Question

The general solution of the differential equation \( x\,dy + \left(y - e^x\right) dx = 0 \) is:

• A. \( e^{xy} + e^x = C \), Where \(C\) is constant of integration
• B. \( \frac{x^2}{2} + xy - e^x = C \), Where \(C\) is constant of integration
• C. \( \frac{x^2}{2} + \frac{y^2}{2} - e^x = C \), Where \(C\) is constant of integration
• D. \( xy - e^x = C \), Where \(C\) is constant of integration

Hint:

For exact differential equations \(M\,dx + N\,dy = 0\), check if \(\frac{\partial M}{\partial y} = \frac{\partial N}{\partial x}\). If yes, find \(\Psi\) by integrating \(M\) with respect to \(x\) and use \(N\) to determine the remaining function of \(y\).

Answer 1

The Correct Option is B

Given the differential equation: \[ x\,dy + \left(y - e^x\right) dx = 0 \] Rewrite it as: \[ \left(y - e^x\right) dx + x\,dy = 0 \] Let \(M = y - e^x\) and \(N = x\). The equation is \( M\,dx + N\,dy = 0 \). Check if the equation is exact: \[ \frac{\partial M}{\partial y} = 1, \quad \frac{\partial N}{\partial x} = 1 \] Since \(\frac{\partial M}{\partial y} = \frac{\partial N}{\partial x}\), the equation is exact.
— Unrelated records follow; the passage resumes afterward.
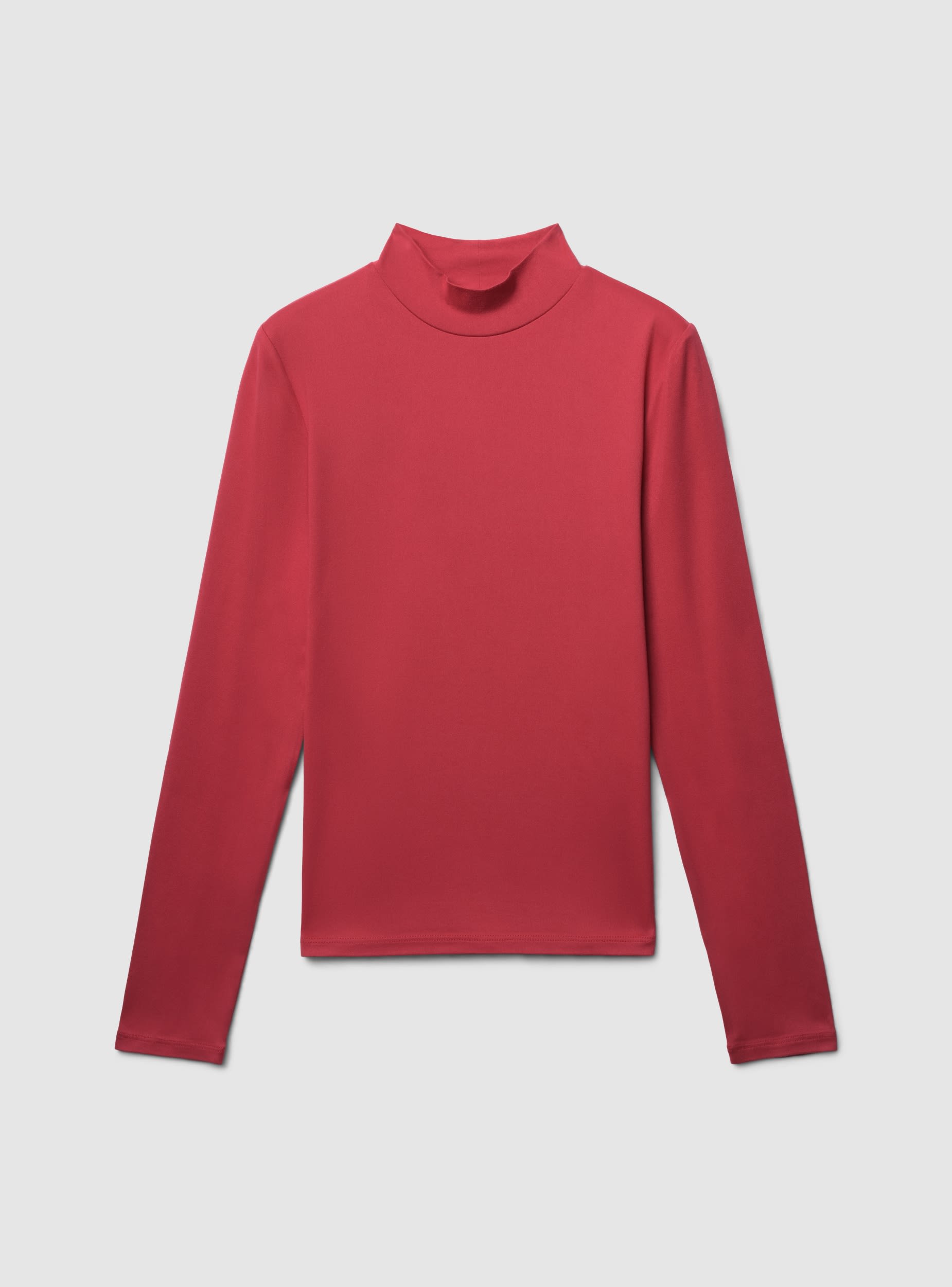 Tessuto caldo. Maglietta da bambina con maniche lunghe e collo alto, ideale per un look casual e versatile. Perfetta per essere indossata sotto maglioni o giacche durante le stagioni piu fresche. La vestibilità comoda e il design tinta unita la rendono adatta a molteplici abbinamenti, sia per la scuola che per il tempo libero.Dettagli
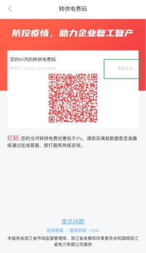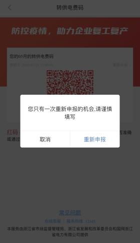 在生成的转供电费码详情页面,点击“重新申报”,即可重新修改信息。每个转供电终端用户每月只可生产一个二维码,每个码一个月只可修改一次。
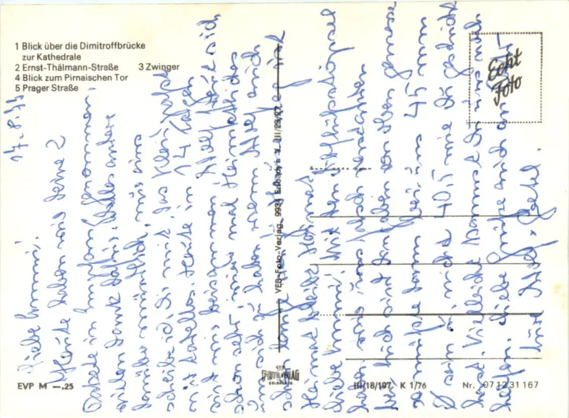 Der Zustand der Ansichtskarte war wie beschrieben und der Preis akzeptabel. Der Versand erfolgte leider erst nach knapp einer Woche nach Aufforderung und Androhung von Konsequenzen. Deshalb werde ich hier nicht mehr kaufen

Find the potential function \(\Psi(x,y)\) such that: \[ \frac{\partial \Psi}{\partial x} = M = y - e^x \] Integrate w.r.t. \(x\): \[ \Psi = \int (y - e^x) dx = xy - e^x + h(y) \] Differentiate \(\Psi\) w.r.t. \(y\): \[ \frac{\partial \Psi}{\partial y} = x + h'(y) \] Set equal to \(N = x\): \[ x + h'(y) = x \implies h'(y) = 0 \implies h(y) = \text{constant} \] Therefore, \[ \Psi(x,y) = xy - e^x = C \] Rewrite to match options: \[ \frac{x^2}{2} + xy - e^x = C \] Since integrating \(x\,dy\) would give the \(\frac{x^2}{2}\) term. Thus, the general solution is: \[ \frac{x^2}{2} + xy - e^x = C \]